— Aim of the task —
Extract precisely the lines that run from the line containing "Vánoční papírová dárková" to the end of the records below, with both ends included and pictures omitted.

— Data to process —
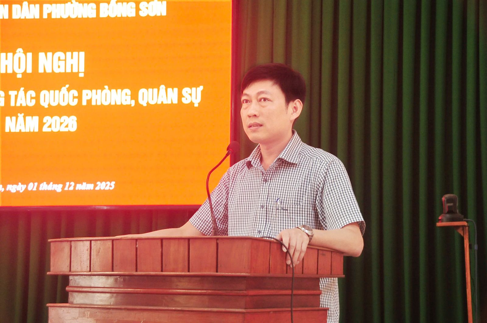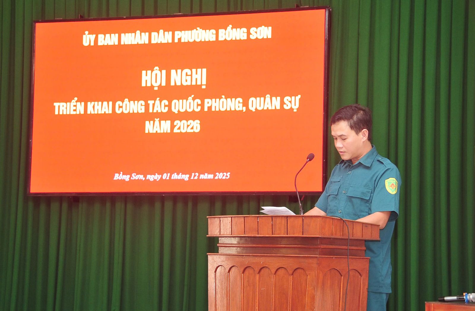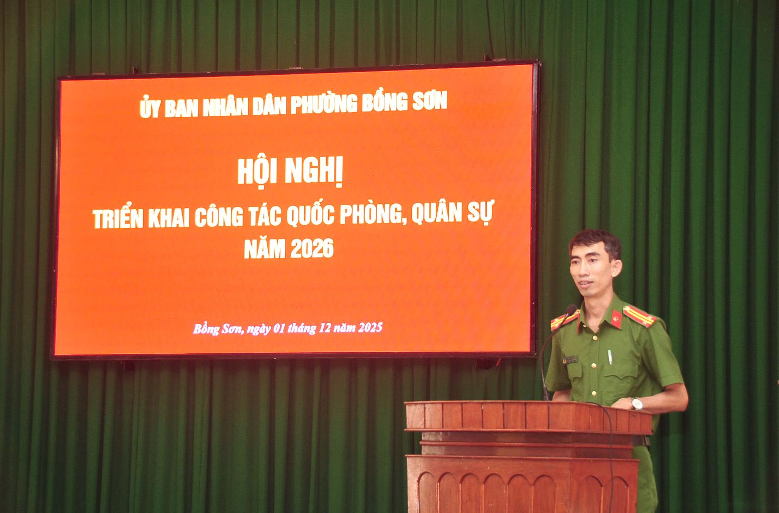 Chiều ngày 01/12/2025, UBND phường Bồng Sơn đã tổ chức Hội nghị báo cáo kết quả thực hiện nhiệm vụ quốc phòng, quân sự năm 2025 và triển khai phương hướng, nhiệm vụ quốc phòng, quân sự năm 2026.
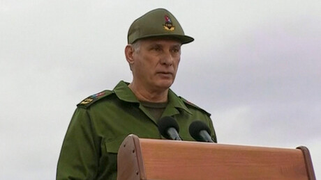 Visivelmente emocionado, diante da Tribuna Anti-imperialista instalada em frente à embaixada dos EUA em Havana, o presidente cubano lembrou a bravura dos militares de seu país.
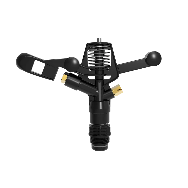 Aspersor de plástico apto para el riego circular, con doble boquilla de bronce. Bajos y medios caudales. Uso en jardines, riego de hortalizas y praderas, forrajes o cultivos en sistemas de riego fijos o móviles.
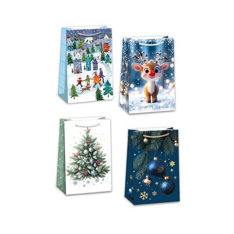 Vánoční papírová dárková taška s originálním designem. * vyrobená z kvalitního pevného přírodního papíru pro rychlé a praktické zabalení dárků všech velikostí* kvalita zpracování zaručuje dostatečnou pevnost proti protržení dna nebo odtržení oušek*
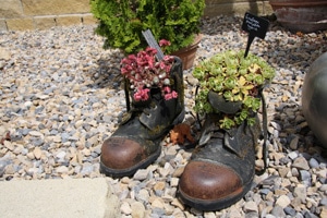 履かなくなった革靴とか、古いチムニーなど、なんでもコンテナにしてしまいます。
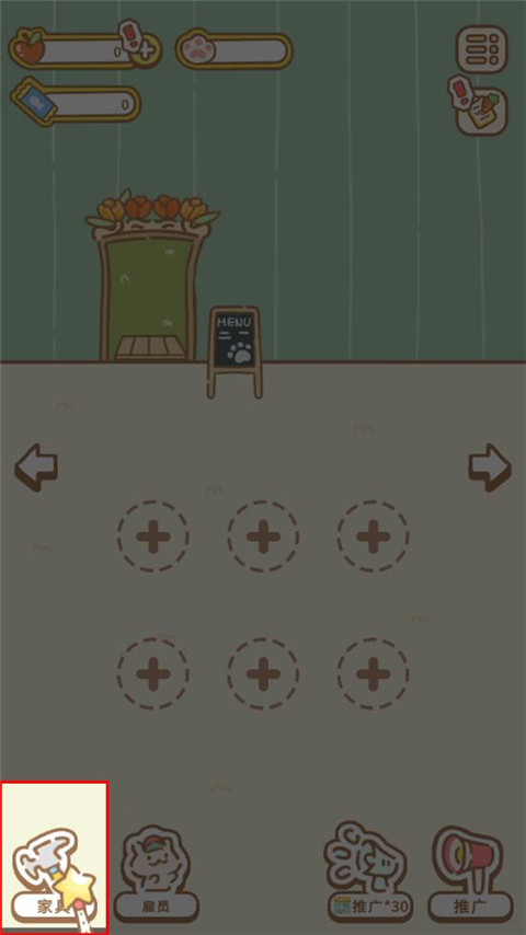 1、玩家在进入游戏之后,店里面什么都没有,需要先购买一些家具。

— Response to the task —
 Vánoční papírová dárková taška s originálním designem. * vyrobená z kvalitního pevného přírodního papíru pro rychlé a praktické zabalení dárků všech velikostí* kvalita zpracování zaručuje dostatečnou pevnost proti protržení dna nebo odtržení oušek*
 履かなくなった革靴とか、古いチムニーなど、なんでもコンテナにしてしまいます。
 1、玩家在进入游戏之后,店里面什么都没有,需要先购买一些家具。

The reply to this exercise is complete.